**ABOUT THIS EXERCISE:**
The lines from the one containing "電子書籍の「自炊」代行訴訟 原告側「実質勝訴」で取り下げ J Cast Newsより" through the final line of the listing below are what the answer must repeat, exactly and only, leaving pictures out.

**PROVIDED DATA:**

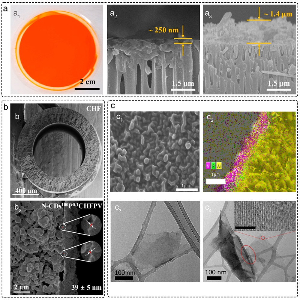 图6展示了基于新型功能材料构建的IP膜结构与表征结果:(a)为TpHZ/AAO膜的实物图像,其中(a1)为整体膜,(a2)与(a3)分别为不同TpHZ含量(0.5和1.5)下的膜外观;(b)为CHF支撑层(b1)及通过IP过程引入氮掺杂碳量子点(N-CDs)后的选择性层(b2)的截面SEM图;(c)为AEL纳米片/聚酰胺复合膜的截面结构(c),其(c1–c2)为EDS元素分布图,(c3–c4)为剥离态AEL纳米片的TEM图像。
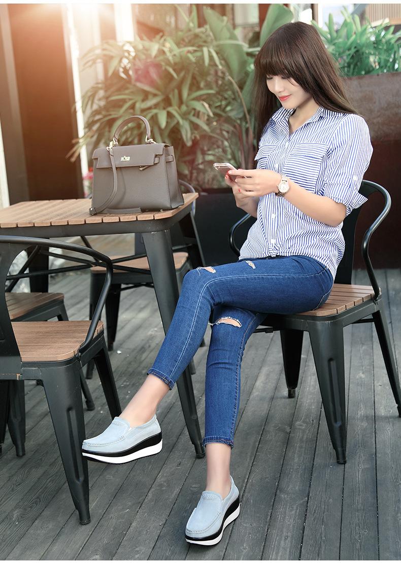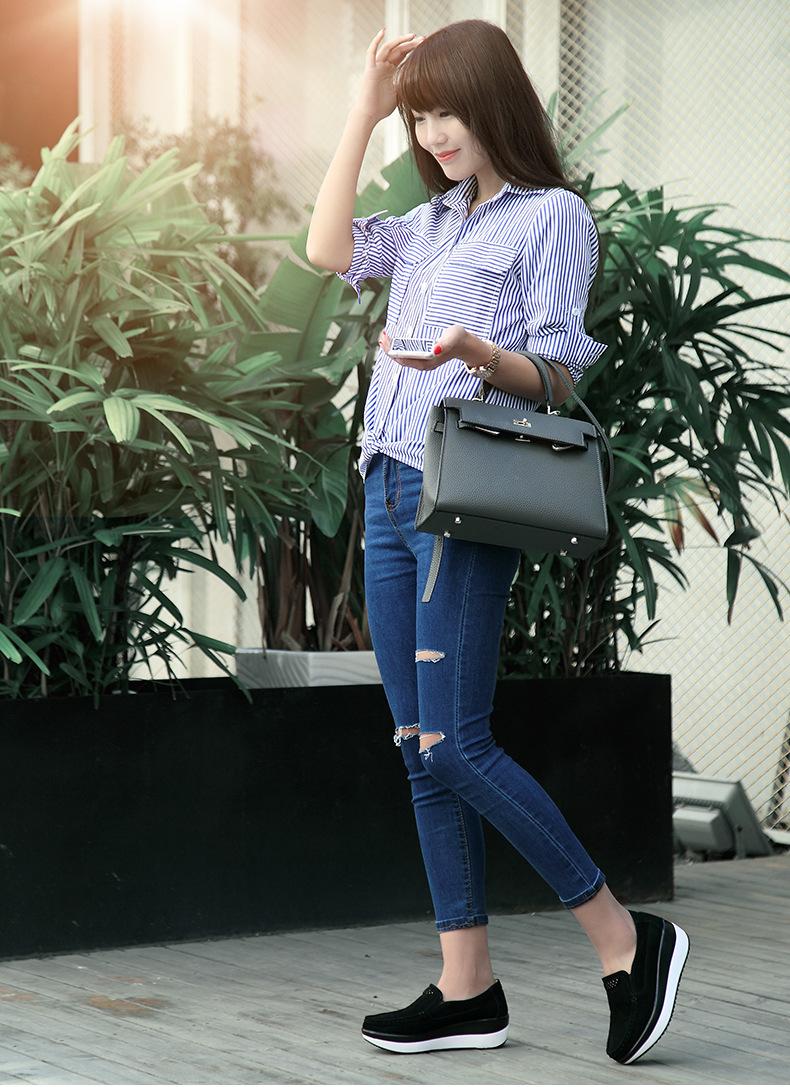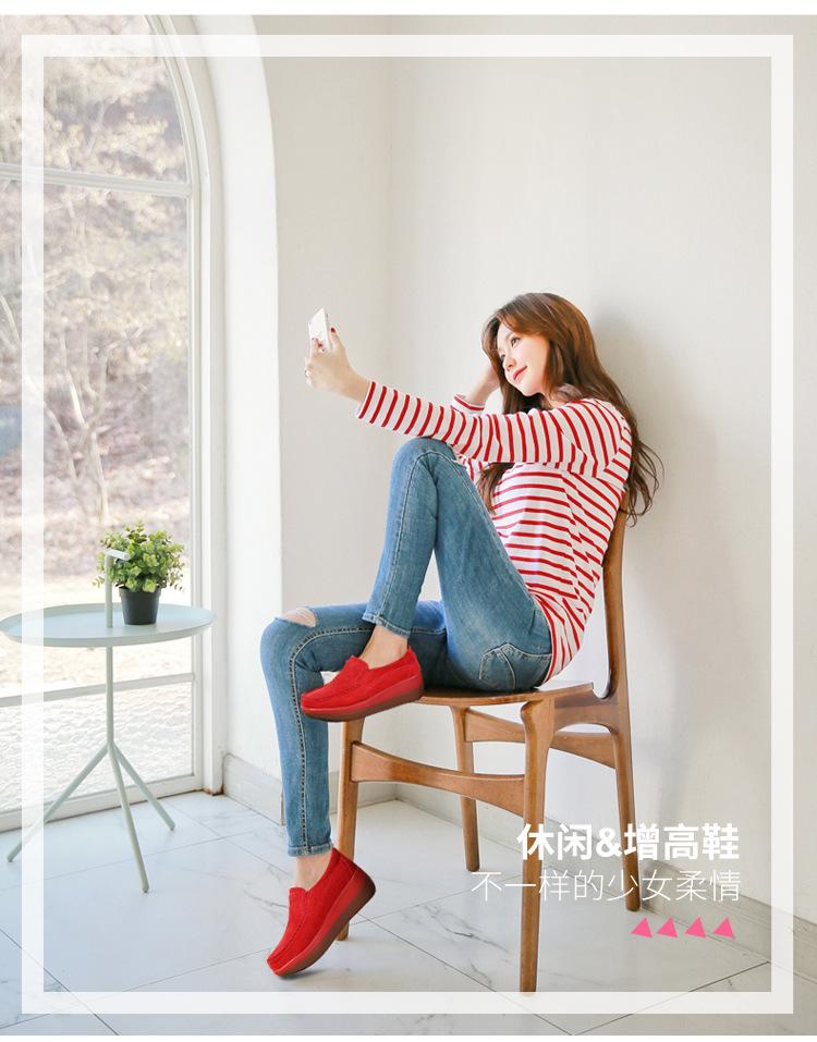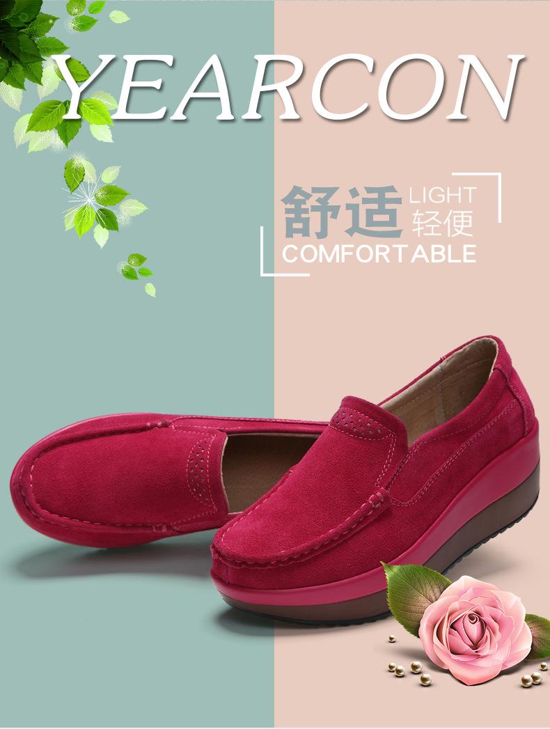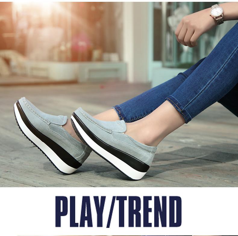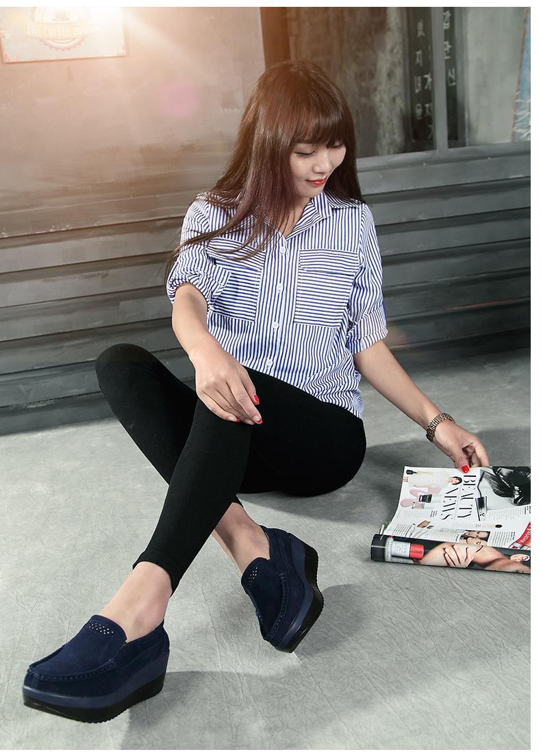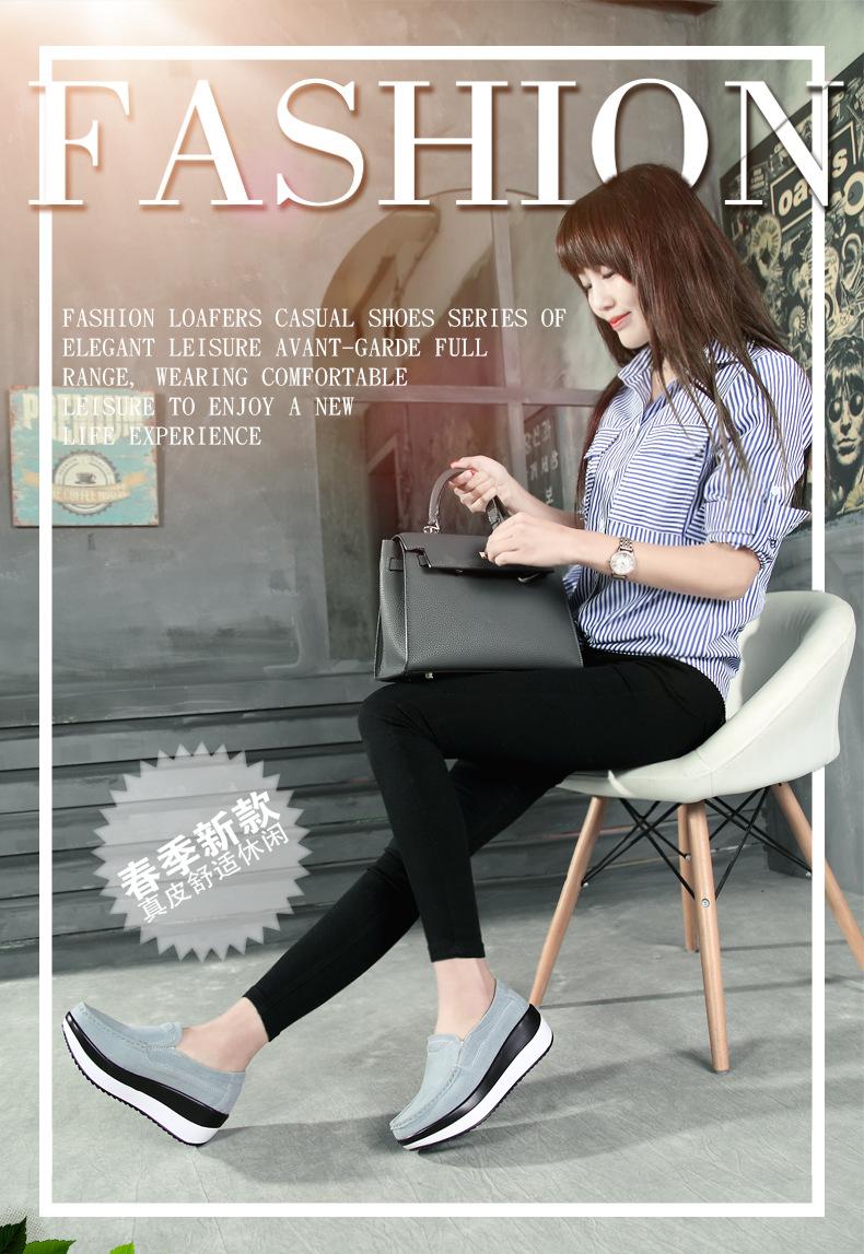 Primavera e Outono Sapatos Femininos Plataforma Borla Sola Grossa Sapatos Cunha para Mães Sapatos Baixos de Couro Sapatos de Balanço Beans Sapatos Femininos Tamanho Grande 42
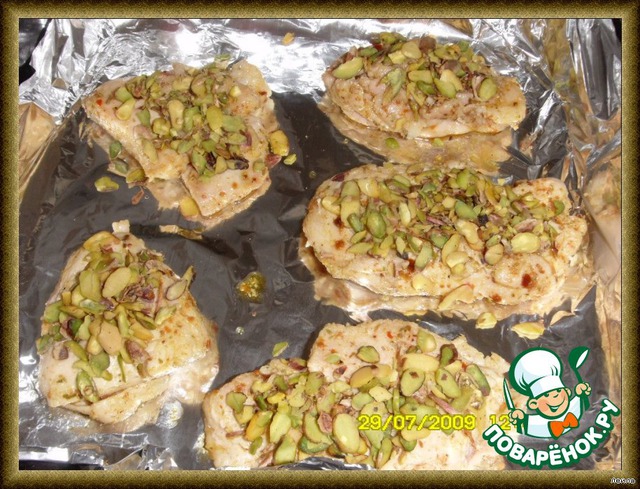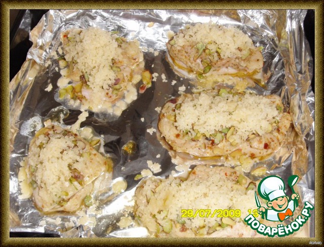 Переложить на фольгу,сверху обсыпать фисташками(чтобы держались фисташки,слегка сверху по несколько капель налейте раст.масло),кладем в духовку на 180-190* мин.на 20
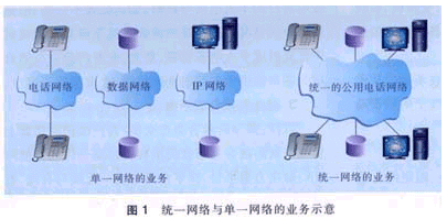 。1)數(shù)據(jù)和話音的融合進(jìn)一步促進(jìn)電話網(wǎng)絡(luò)、數(shù)據(jù)網(wǎng)絡(luò)與IP網(wǎng)絡(luò)的融合。一個(gè)統(tǒng)一的網(wǎng)絡(luò)提供各類業(yè)務(wù)顯然比各類網(wǎng)絡(luò)提供各自的業(yè)務(wù)要大大提高運(yùn)營(yíng)和服務(wù)的效率,如圖1所示。
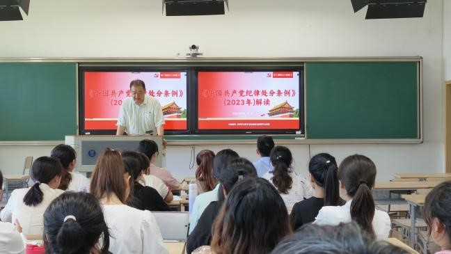 5月20日,院党委书记郑宁面向教工第二党支部、教工第四党支部、硕士研究生第一党支部讲授专题党课,他以《为推进党的伟大事业提供坚强纪律保证》为题,从加强纪律建设的重要性、《中国共产党纪律处分条例》(以下简称《条例》)的修订情况、主要内容及特点、贯彻落实党纪学习教育基本要求等方面展开。郑宁强调,广大师生党员要做“学纪、知纪、明纪、守纪”的践行者,牢记全面从严治党永远在路上,党的自我革命永远在路上。
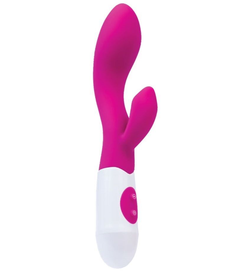 Ярко-розовый вибратор Fela с клиторальным стимулятором - 20,5 см.
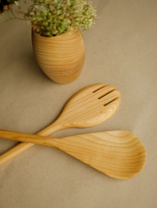 Q97 - Lot de cuillères à salade en bois de cerisier
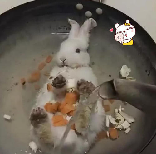 当时主人看到了之后就大发雷霆,当着兔子的面非常的生气的放在了锅里,当时兔子看到了这样的情形之后脸上露出了一副很严厉的表情,当时还很僵硬的把头盯着主人看 ,仿佛在告诉主人,饶了我吧?
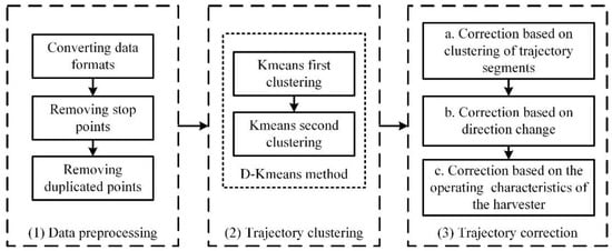 Wheat is one of the major food crops worldwide [15]. In the context of the global move toward digitalization in agriculture [16,17], research on wheat harvester trajectories is critical to the development of digital agriculture. Wheat harvest trajectories contain typical X-turn trajectories, and the study of wheat harvest trajectories can be extended to the study of harvest trajectories of other crops. Therefore, this paper uses GNSS equipment to obtain the driving trajectory data of real wheat harvesting agricultural machinery, identifying the wheat harvester’s turning trajectory, working trajectory, and abnormal working trajectory in a field. Specifically, the preliminary results of “working “ and “turning” trajectories are obtained by using the D-K-means method, that is, two K-means iterative clustering, and then a three-step correction is performed:
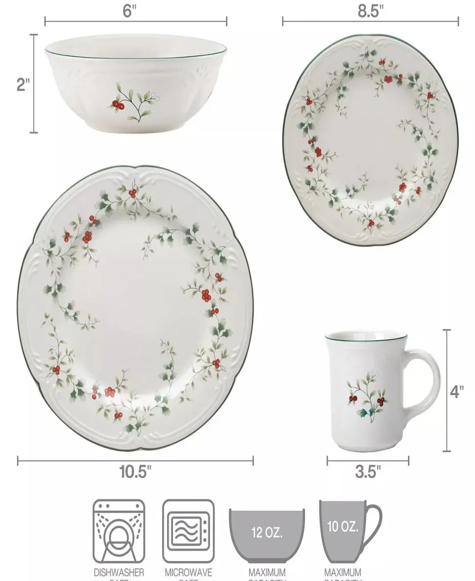 As fall turns to winter, bright holly berries make their appearance. Winterberry dinnerware by Pfaltzgraff is the holiday classic that brings this timeless motif to life in elegantly sculpted dinnerware and serveware, beautiful glassware, and joyous giftware. Featuring the festive Winterberry pattern on clean white stoneware with scalloped edges accented by a thin, pine green band, this 16-piece dinnerware set will bring holiday spirit to all your seasonal dinner gatherings for years to come. 16-piece dinnerware set, service for 4, includes 4 each of: 10-1/2 inch dinner plate, 8-1/2 inch salad plate, 2-inch tall soup/cereal bowl with a 6-inch diameter and a 12-fluid ounce capacity, and 10-fluid ounce mug. Microwave and dishwasher safe.
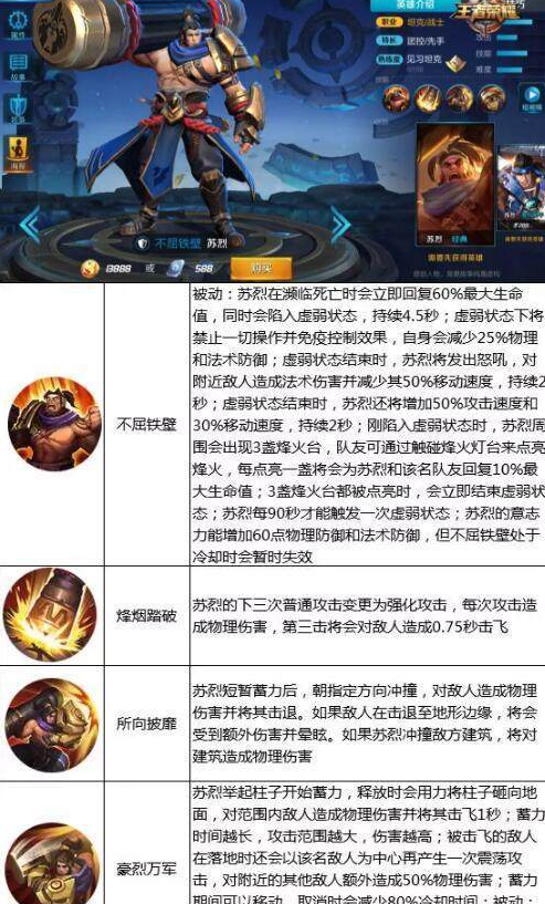 苏烈作为坦克中的佼佼者,由于被动的存在坦度十足,很难被对面击杀。中前期可以大胆去卖,给打野gank创造好机会,而发育成形的大叔,在团战中更能打出不俗的控制与伤害!喜欢暴力的召唤师不要错过了哟~
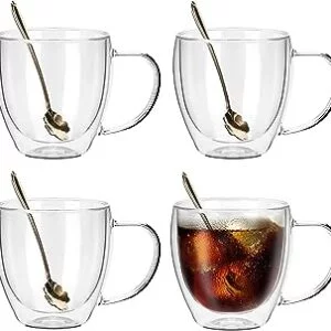 JNSMFC Tazas de café transparentes de vidrio vidrio aislados de paredes dobles, con mango, para capuchino, espresso, ...
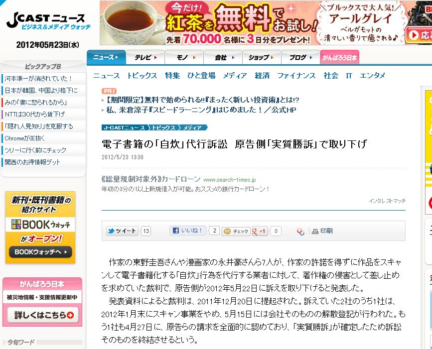 電子書籍の「自炊」代行訴訟 原告側「実質勝訴」で取り下げ J Cast Newsより
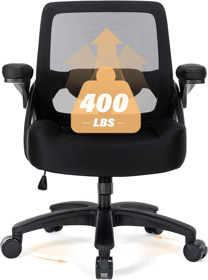 Big and Tall Office Chair 400lb- Mesh Ergonomic Heavy Duty Desk Chair- Flip Arms, Plus Size Wide Seat Executive Computer Chair for Large People- Home Office Swivel Rolling Task Chairs

**TASK ANSWER:**
 電子書籍の「自炊」代行訴訟 原告側「実質勝訴」で取り下げ J Cast Newsより
 Big and Tall Office Chair 400lb- Mesh Ergonomic Heavy Duty Desk Chair- Flip Arms, Plus Size Wide Seat Executive Computer Chair for Large People- Home Office Swivel Rolling Task Chairs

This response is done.